Abstract

A low-power and handy gastric data acquisition (g-DAQ) system has been proposed to identify the gastric processes in the epigastric region with sectorial electrical impedance tomography (s-EIT) and K-means sectorial clustering algorithm. The g-DAQ with a wearable abdominal sensor investigates gastric retention levels in the epigastric region during the emptying process. A C-runtime engine with Secure Shell protocol optimized an ARM microprocessor and field programmable gate array-based system with bidirectional channels to perform real-time data acquisition. The s-EIT algorithm projects the gastric conductivity distribution in the epigastric region into a cross-sectional image. K-means clustering method quantitatively identifies the gastric content images on the epigastric region to monitor the different clustered conductivity . The phantom experiments evaluated the s-EIT using liver-shaped, bone-shaped, and gastric-shaped phantoms in an abdominal-shaped vessel to distinguish gastric phantom conductivity.
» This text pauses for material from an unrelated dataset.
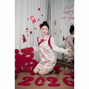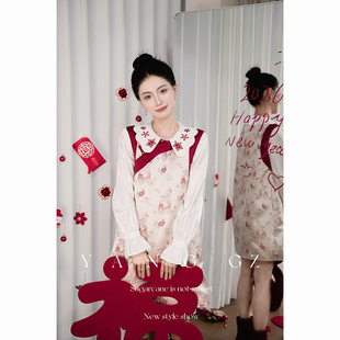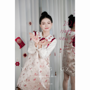 2026国风新款 YANG 新中式 瑶瑶玉兔 设计感可拆毛领连衣裙女

In human experiments, the proposed method was applied to measure 15 samples of the emptying process to evaluate the retention level of liquid gastric content. As a result, the proposed g-DAQ successfully performed a rapid acquisition at least 50 times faster than the conventional method in terms of the data acquisition rate. The developed g-DAQ with 110 mm × 66 mm × 51 mm of dimensions and 0.16 kg of weight took 0.32 sec to measure 208 points per frame and consumed 3.67 Watt of average power operation. By drinking 500 ml of rehydration water with 0.69 S m−1 of conductivity, In subjects 1–4 and phantoms, the maximum R(t) was identified on t 1 as the gastric volume is fully bloated. During 30 min, the emptying liquid content was well-indicated because the minimum R(t) was identified on t 15 as an empty state. The mean of the measurement results is −0.0387 with the linear equation R(t) = −0.0387t + 0.8105. In conclusion, the body mass index did not significantly affect the trendline.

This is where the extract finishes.